Dynamic Schedule Management

# Add a task at runtime
from celery_app import app
from celery.schedules import crontab


# Using database-backed scheduler (django-celery-beat or similar)
# allows adding/removing tasks without restart

# Manual one-off scheduled task
from tasks import scrape_prices
result = scrape_prices.apply_async(countdown=300)  # Run in 5 minutes
print(f"Task ID: {result.id}")

# Check result
print(f"Status: {result.status}")
print(f"Result: {result.get(timeout=60)}")

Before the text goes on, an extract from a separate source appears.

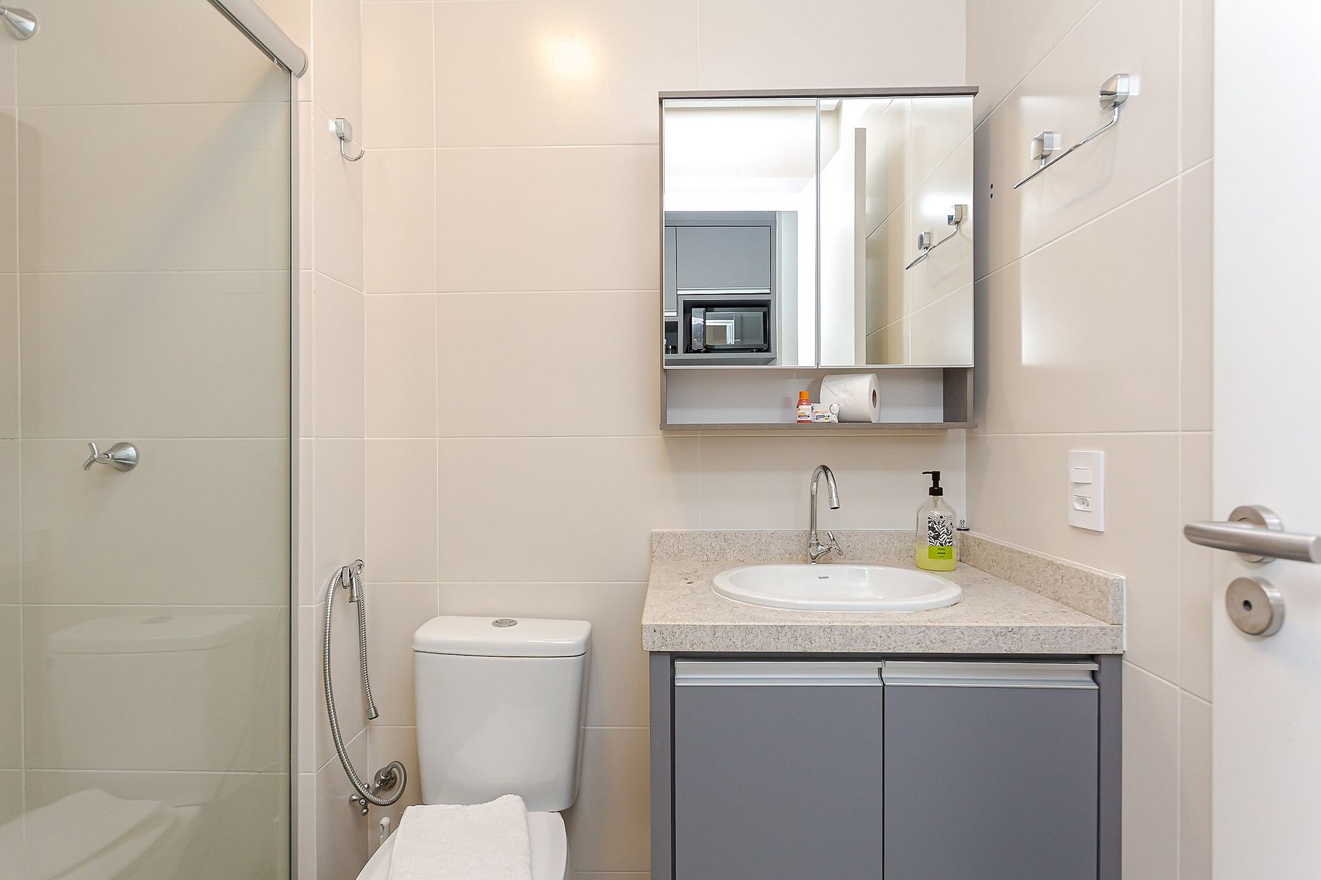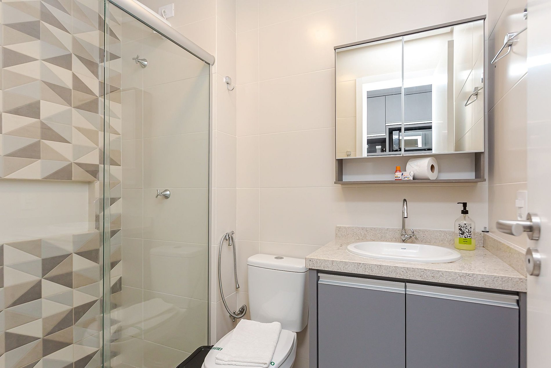 • Banheiro: completo, com box de vidro, chuveiro com água quente e espelho.

Building a Scheduler from Scratch

Sometimes you don't want external dependencies. Here's a minimal but functional task scheduler using only the standard library:

import threading
import time
import logging
from datetime import datetime, timedelta
from typing import Callable
from dataclasses import dataclass, field

logging.basicConfig(level=logging.INFO, format="%(asctime)s [%(levelname)s] %(message)s")
logger = logging.getLogger(__name__)


@dataclass
class Job:
    name: str
    func: Callable
    interval_seconds: float
    args: tuple = ()
    kwargs: dict = field(default_factory=dict)
    next_run: datetime = field(default_factory=datetime.now)
    last_run: datetime | None = None
    run_count: int = 0
    error_count: int = 0
    enabled: bool = True


class SimpleScheduler:
    """Lightweight task scheduler — no external dependencies."""

    def __init__(self):
        self.jobs: dict[str, Job] = {}
        self._running = False
        self._lock = threading.Lock()
        self._thread: threading.Thread | None = None

    def every(self, seconds: float, name: str | None = None):
        """Decorator to register a periodic job."""
        def decorator(func: Callable):
            job_name = name or func.__name__
            self.add_job(job_name, func, seconds)
            return func
        return decorator

    def add_job(self, name: str, func: Callable, interval_seconds: float,
                args: tuple = (), kwargs: dict | None = None):
        """Register a job with the scheduler."""
        with self._lock:
            self.jobs[name] = Job(
                name=name,
                func=func,
                interval_seconds=interval_seconds,
                args=args,
                kwargs=kwargs or {},
            )
        logger.info(f"Job '{name}' registered (every {interval_seconds}s)")

    def remove_job(self, name: str):
        """Remove a job by name."""
        with self._lock:
            if name in self.jobs:
                del self.jobs[name]
                logger.info(f"Job '{name}' removed")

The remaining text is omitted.